Com os cozidos quase caídos em desuso, a pescada cozida com todos é hoje uma raridade no panorama restaurativo. Uma pena, sobretudo se pensarmos numa boa cabeça de pescada, sobretudo sendo daquelas de “gola” avantajada. A frescura, a alvura e a suculência do peixe, e a riqueza e o colorido dos legumes, fazem do prato um caso sério de sabor e atractividade, mas, convenhamos, complicado de montar, tratando-se do estilo mais contemporâneo de apresentação.

Daí as modernas versões, com lombos e filetes delicadamente preparados na chapa ou na sertã, em apresentações minimalistas, como por exemplo a que prepara o chef Tiago Bonito no restaurante Largo do Paço, detentor de uma estrela Michelin, em Amarante.
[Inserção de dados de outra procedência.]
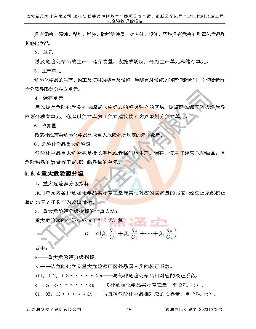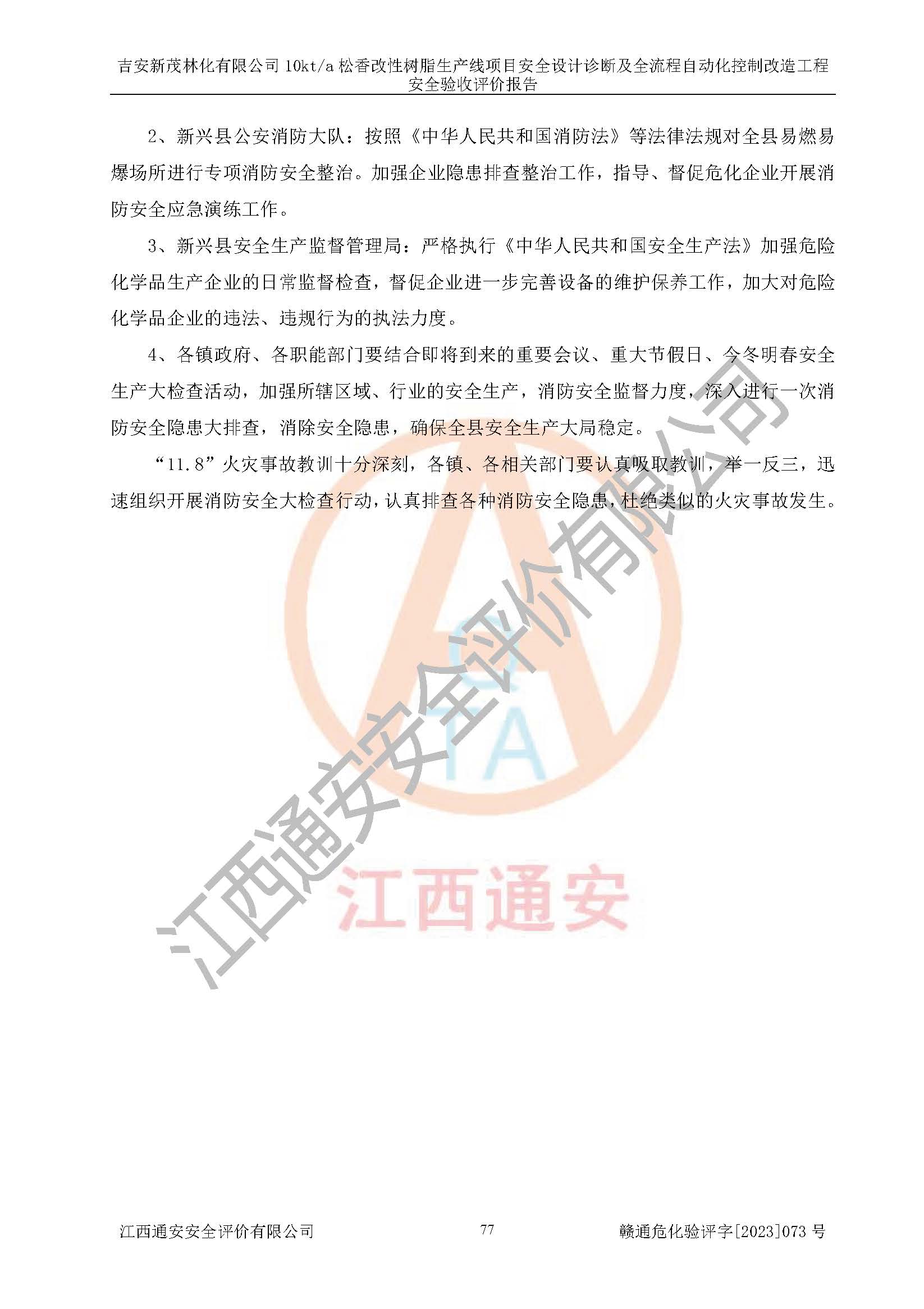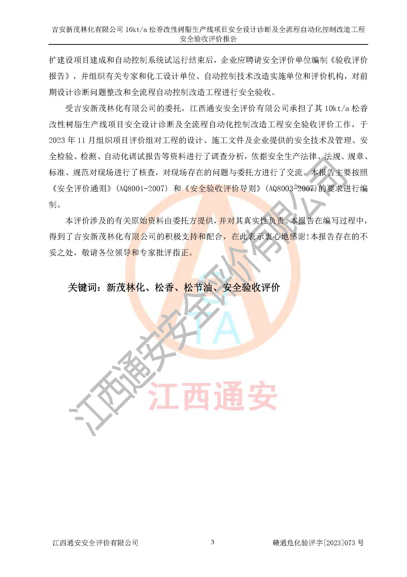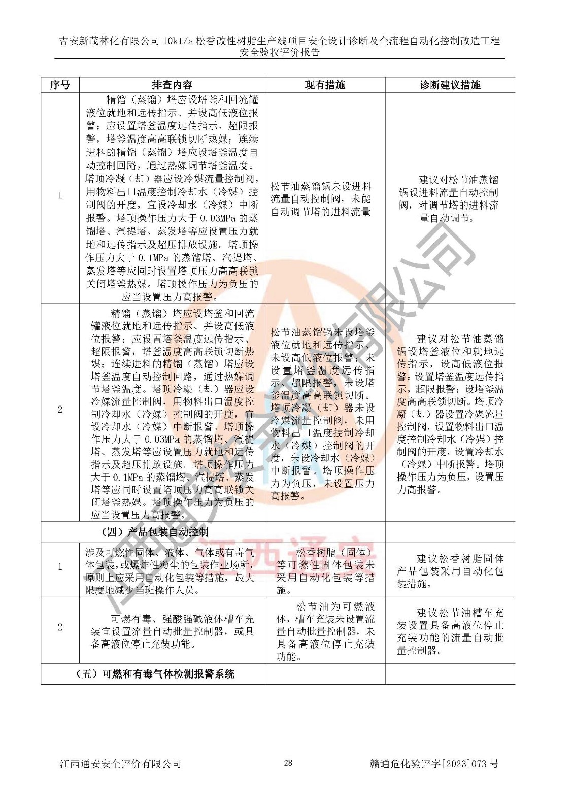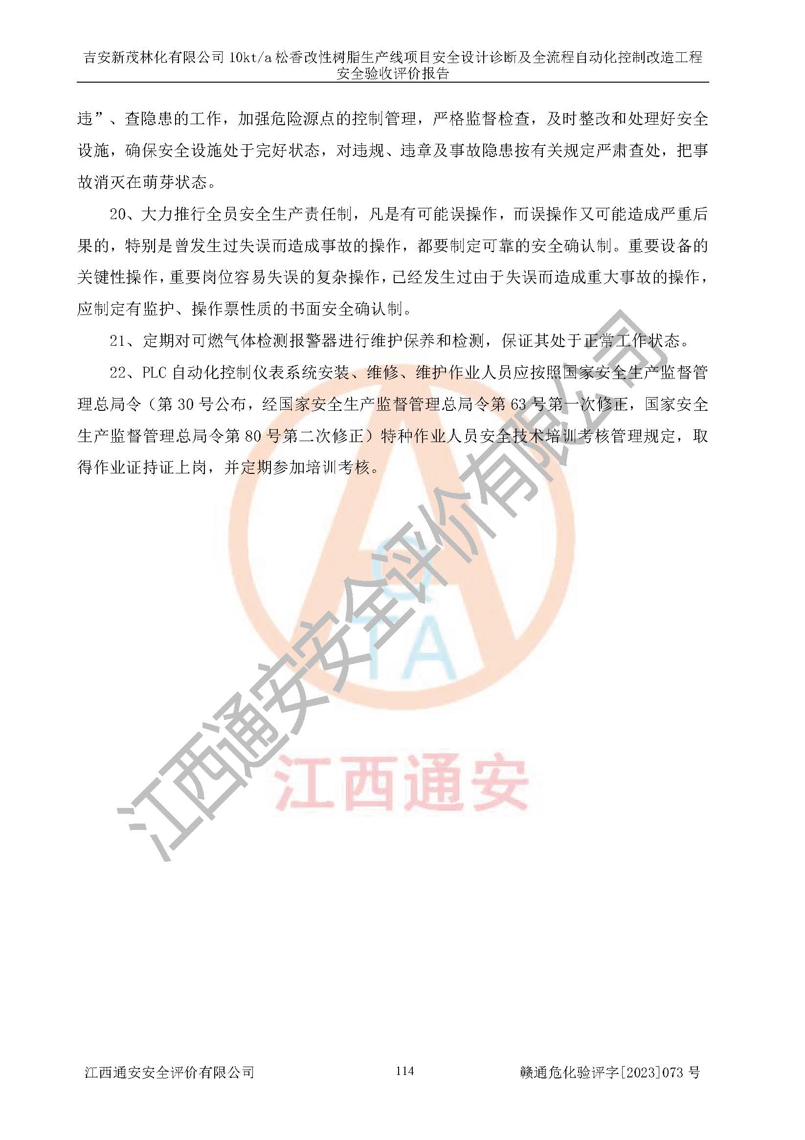 評價(jià)報(bào)告名稱 | 吉安新茂林化有限公司10kta松香改性樹脂生產(chǎn)線項(xiàng)目安全設(shè)計(jì)診斷及全流程自動(dòng)化控制改造工程安全驗(yàn)收評價(jià)報(bào)告 | |||
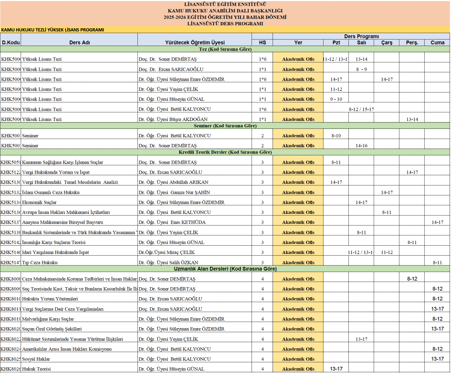 2025–2026 Eğitim Öğretim Yılı Bahar Yarıyılı Kamu Hukuku Tezli Yüksek Lisans Ders Programı
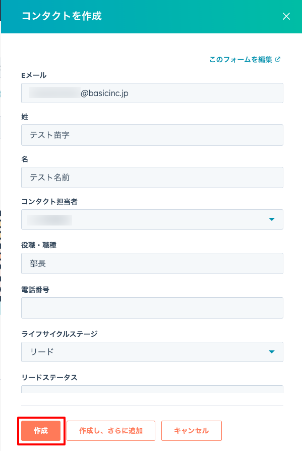Step 5:HubSpot でテストコンタクトを作成する
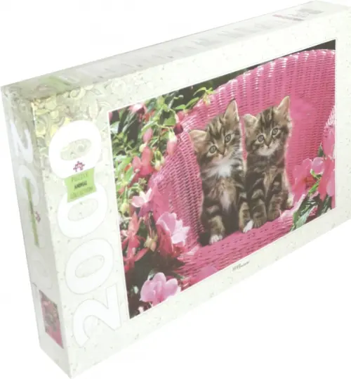 Пазл "Милые котята" состоит из 2000 элементов и входит в серию "Animal collection". С картинки на нас смотрят два пушистых малыша, которые сидят на плетёном розовом кресле.
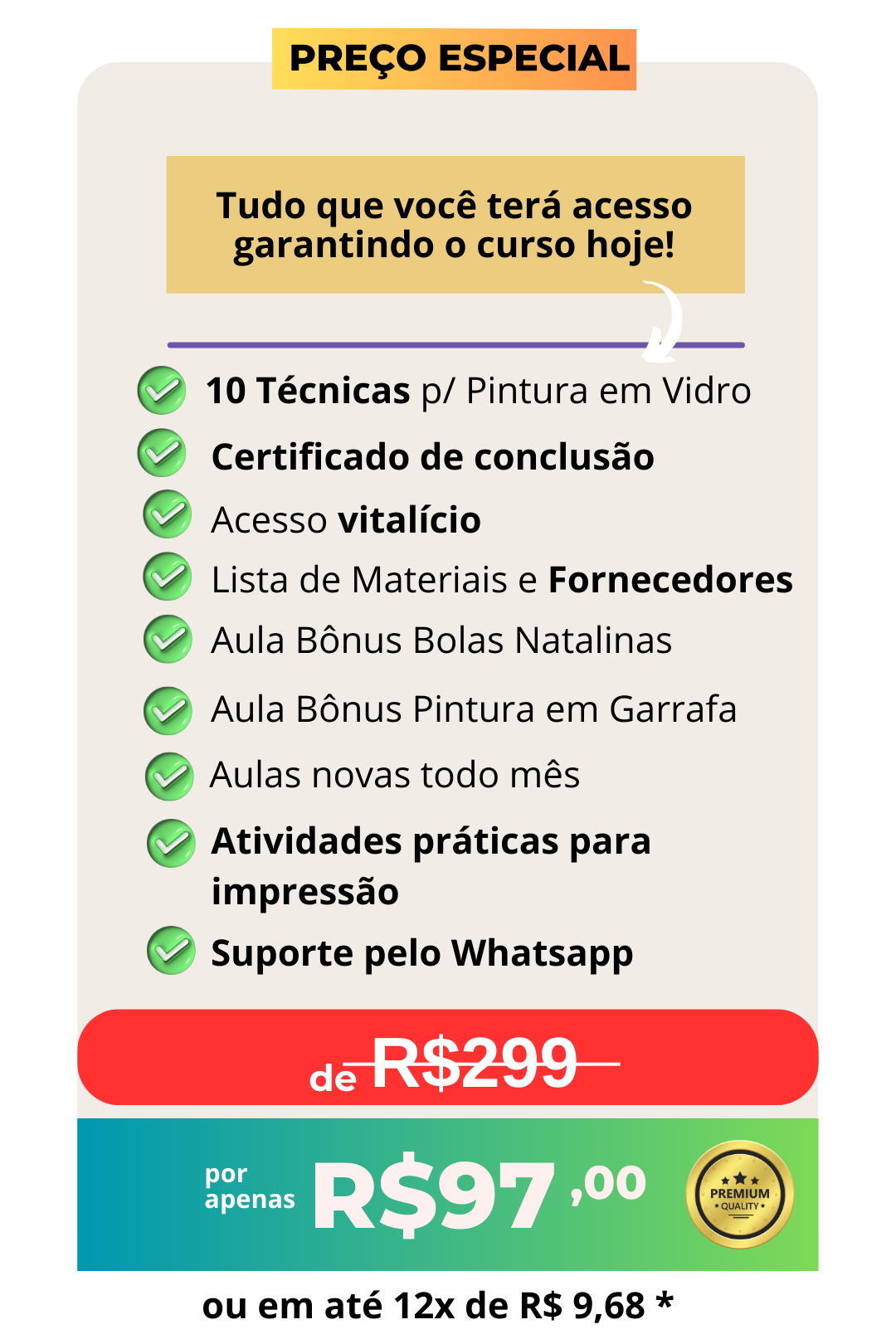 Nosso Curso Oferece Aulas Práticas para Iniciantes, Além de uma Lista de Fornecedores e Técnicas Valiosas para quem está começando do zero. Descubra Como Transformar a pintura em Vidro em Lucros Significativos, Podendo Alcançar até 10 Mil Reais por Mês!
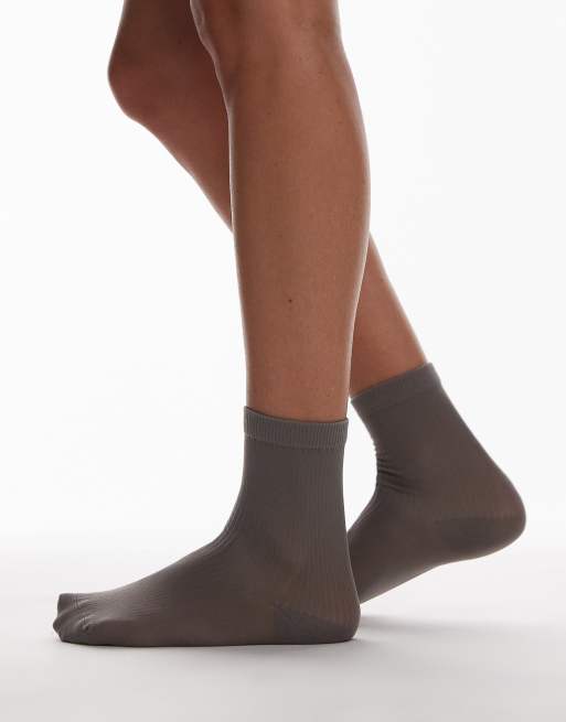 Topshop - Chaussettes côtelées transparentes - Gris
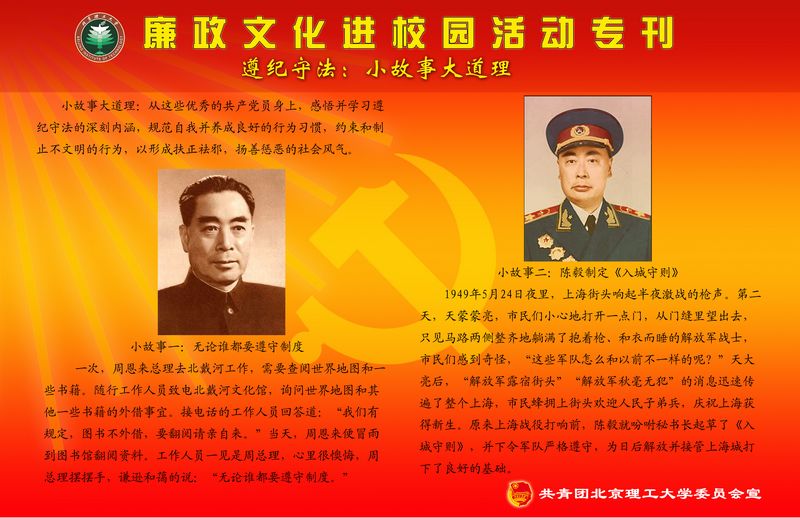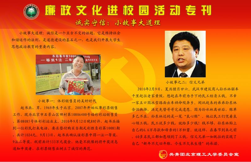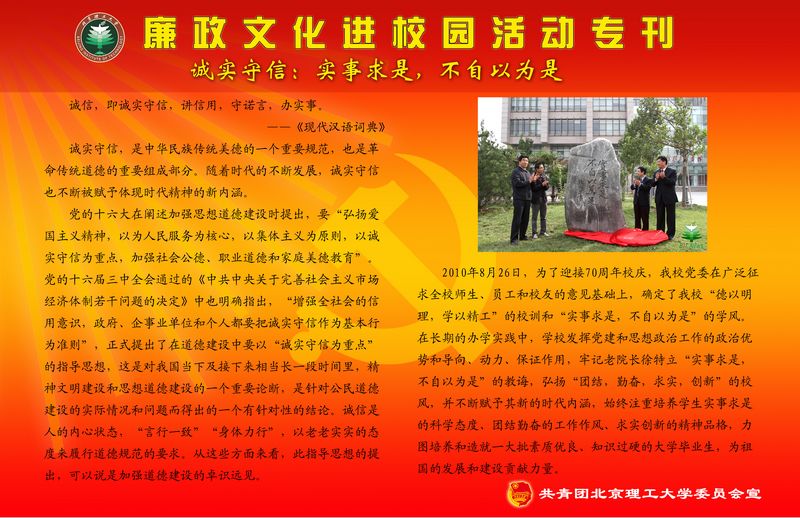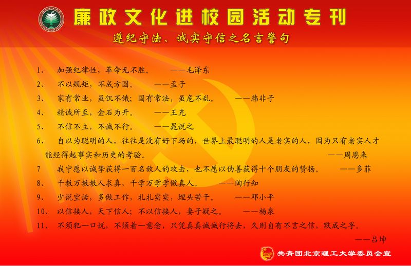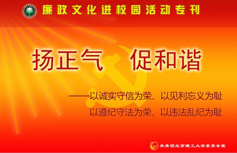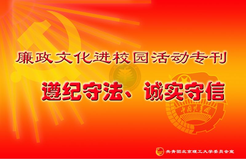 【编者按】按照学校《ob真人2011年党风廉政建设宣传教育月活动实施方案》的要求,校团委从近日起,将依托校园网络、橱窗等主要宣传阵地,面向全校青年学生开展“遵纪守法 诚实守信”为主题的宣传工作,旨在通过在全校范围内进行主题宣传教育,加大廉政文化进校园宣传力度,进一步提高学生的纪律观念、法制观念和诚信意识。

A mais famosa era a receita da pescada à poveira, associando as proporções avantajadas e a frescura dos exemplares recolhidos na lota local à qualidade dos legumes colhidos nas hortas de terrenos arenosos na proximidade do mar. Ao rigor do ponto de cozedura de cada um dos ingredientes – pescada, batata, cenoura e repolho – associa ainda o ovo cozido, azeite fervido com cebola e pimentão em pó.

Sabores simples, a destacar a frescura, a exigir por isso vinhos jovens que destaquem a frescura e fruta primária.


Este artigo foi publicado no n.º 7 da revista Singular.